Automated Vehicle Research project manager Ashley McDonald watches the video screen as she keeps her hands off the steering wheel while a Volvo XC90 SUV test vehicle self parks along a street near the University of Iowa’s National Advanced Driving Simulator, 2401 Oakdale Boulevard, in Iowa City, Iowa, on Tuesday. July 25, 2017. (Jim Slosiarek/The Gazette) Fully autonomous vehicles still may be years — if not decades — away, but some Iowa lawmakers are hoping to take a proactive approach to creating statewide rules for driverless cars.
Sen. Chris Cournoyer, R-LeClaire, said Senate File 302 would create basic regulations for automated vehicles including rules on operation, insurance and a driver or owner liability in the event of a collision.
“We want to make sure that we have the framework in place that encourages investment in our state so that we can continue to develop the technology and be a leader in autonomous vehicles in Iowa,” she said.
The bill also allows the Iowa Department of Transportation to adopt rules relating to autonomous vehicles and would require autonomous vehicles to comply with existing motor vehicle safety rules.
Cournoyer said 29 states already have created similar bills.
Sen. Rob Hogg, D-Cedar Rapids, the lone senator to vote against the bill, said he had a “high level of skepticism” for the measure and its subject matter.
“I’m a little skeptical about the technology. I don’t think it’s ready for prime time,” Hogg said.
Hogg added he also felt the bill needed to better establish insurance requirements for the owners and operators of autonomous vehicles.
“I think we need to go slow and be prepared,” he said.
Rep. Ashley Hinson, R-Marion, has pushed a similar bill in the Iowa House. SF 302 has passed the Senate and is eligible for House debate.

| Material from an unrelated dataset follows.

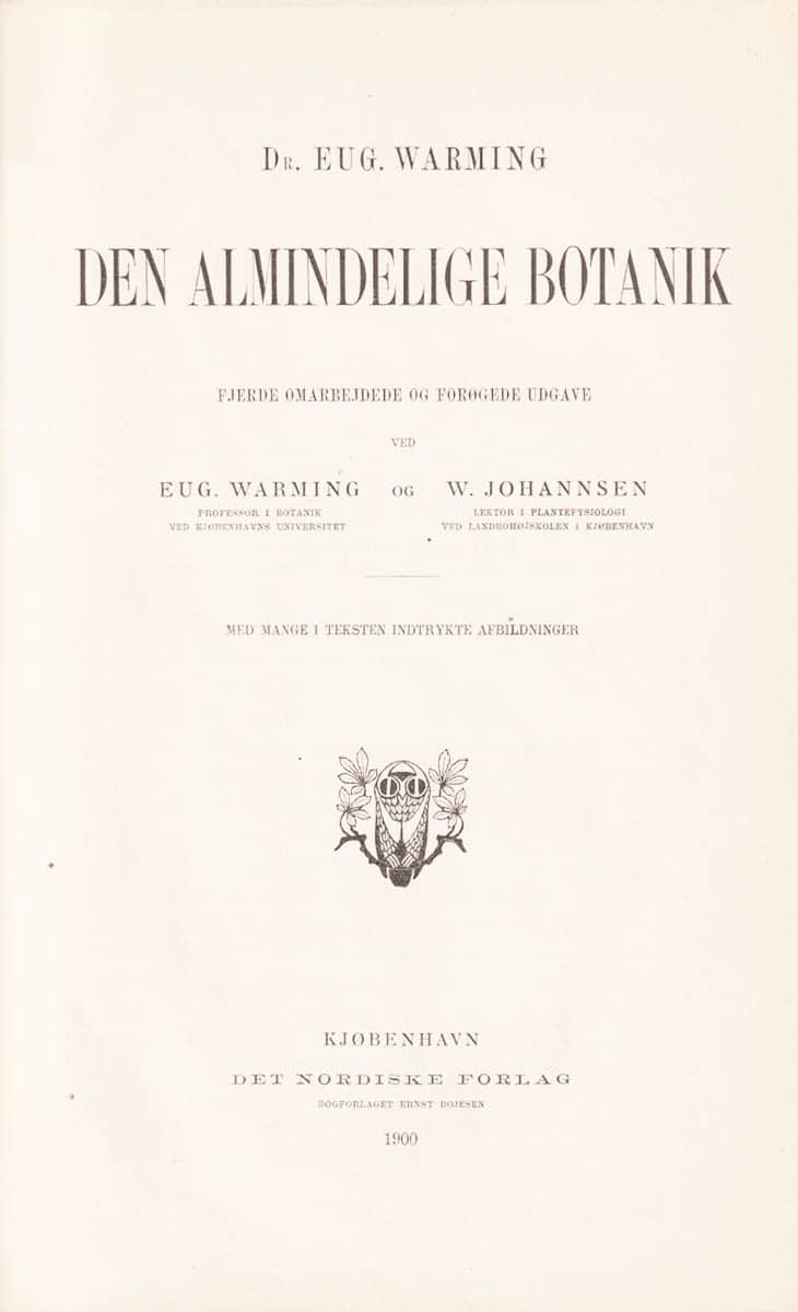 Eug. Warming, född den 3 november 1841, var en dansk botaniker som spelade en central roll i utvecklingen av ekologin som ett eget ämnesområde. Hans arbete har haft stor betydelse för förståelsen av växtlivets komplexitet och interaktioner i naturen. Den almindelige botanik är inte bara en lärobok, utan också en reflektion av den tidens vetenskapliga framsteg inom botanik.

Cournoyer said she has been supporting another bill — Senate File 428 — to open the possibility of automated vehicle “platooning.”
As with many states, Iowa’s following-too-closely laws currently prohibit a platoon — when two trucks, with onboard automated technology, link up to share a signal. Once connected, the lead truck sets the speed, while the rear truck follows as close as 40 to 50 feet behind.
Proposed updates to legislation would change the state’s distance requirements for truck drivers, allowing for such platooning.
“We want to be proactive in this legislation and make sure we’re not stifling investments in the technology. If Iowa can be a leader, I’m all for it,” Cournoyer said.
A 2018 report by Competitive Enterprise Institute, a Washington, D.C., public policy organization, found Iowa was one of more than 30 states not allowing automated vehicle platooning.